- Crude Oil Analysis: USOIL breaches five-week lows
- Saudi Aramco Base Oil breaks below its yearly lows
- U.S crude oil inventories drop again this week by 2.5M barrels
- Chinese economic data is awaited for an updated outlook on oil demand potential
- OPEC June 1 meeting probabilities lean towards an unchanged output, according to CME Group
Source: CME Group OPEC Watch Tool
Crude Oil analysis lies at a critical juncture with a rising debate between OPEC members: some are unwilling to cut oil production below their capacities, while others seek to shore up crude prices. As previous policies have shown, OPEC members would adhere to supply cut quotas while non-members fulfill the global demand. However, members such as Iraq and UAE are eager to secure higher production levels onto 2025 with their increased production capacities.

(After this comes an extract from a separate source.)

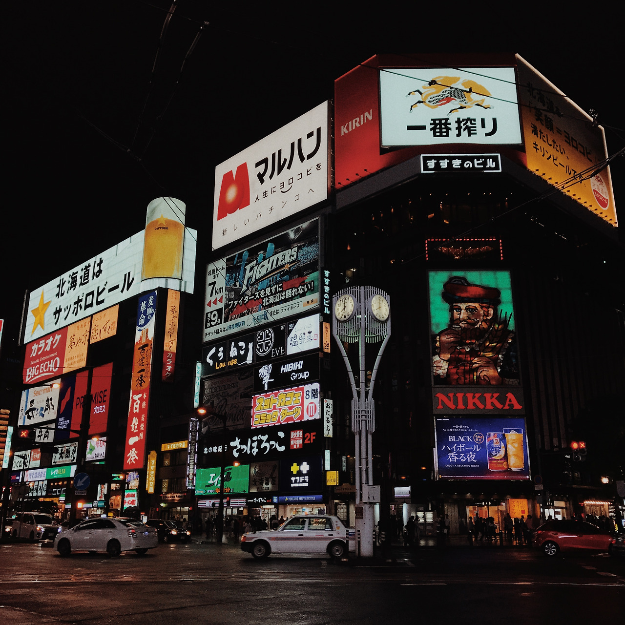 내일 출국을 위한 짐 정리를 하고, 체력을 회복한 상태로, 마지막 밤의 아쉬움을 달래러 나갔다. 오도리 공원을 기준으로 호텔은 북쪽, 식당이 많은 번화가는 남쪽이다. 마지막 날이 되어서야 삿포로 시에서 가장 번화한 '스스키노' 쪽으로 걸어갔다. 삿포로 시에는 전차가 다녀서 지금까지 봤던 일본의 도시들과 다른 느낌을 주었다. 오사카에 글리코상이 있다면 삿포로에는 니카짱이 있다. 수줍게 술잔을 들고 있는 니카짱의 뒷 배경이 은은하게 계속 바뀌었다. 거대한 간판들이 뿜어내는 빛이 대단했다.

U.S CPI metrics cooled down and are still above the Fed’s desired 2% target rate, reflecting a difficulty for a rate cut on the near horizon
In terms of crude, lower inflation levels are preferred for a better demand outlook. However, sticky inflation rates would raise questions about the ease of economic growth and demand potential. From an inventory perspective, crude oil inventories have decreased this week by a 2.5M barrel change, allowing the chart to temporarily hold on its latest 6-week low.
Quantifying the uncertainties:
Crude Oil Analysis: USOIL – Daily Time Frame – Logarithmic Scale
USOIL’s largest correction of the year proceeded to a new low of 7651 today, amplifying bearish bias on the chart. Looking at the chart from a pattern perspective, a head and shoulders pattern target could indicate further downtrends if the latest 7651 low is broken. Potential supports can be met near 7620 and 7570 on the short run, and 7530 and 7470 on a longer run. Supporting fundamentals in terms of increasing supply and weaker growth outlooks can confirm a downtrend continuation for crude oil charts. Reversing from the latest lows, upper resistance levels can be met near 81.10, 83, and 84.70 respectively.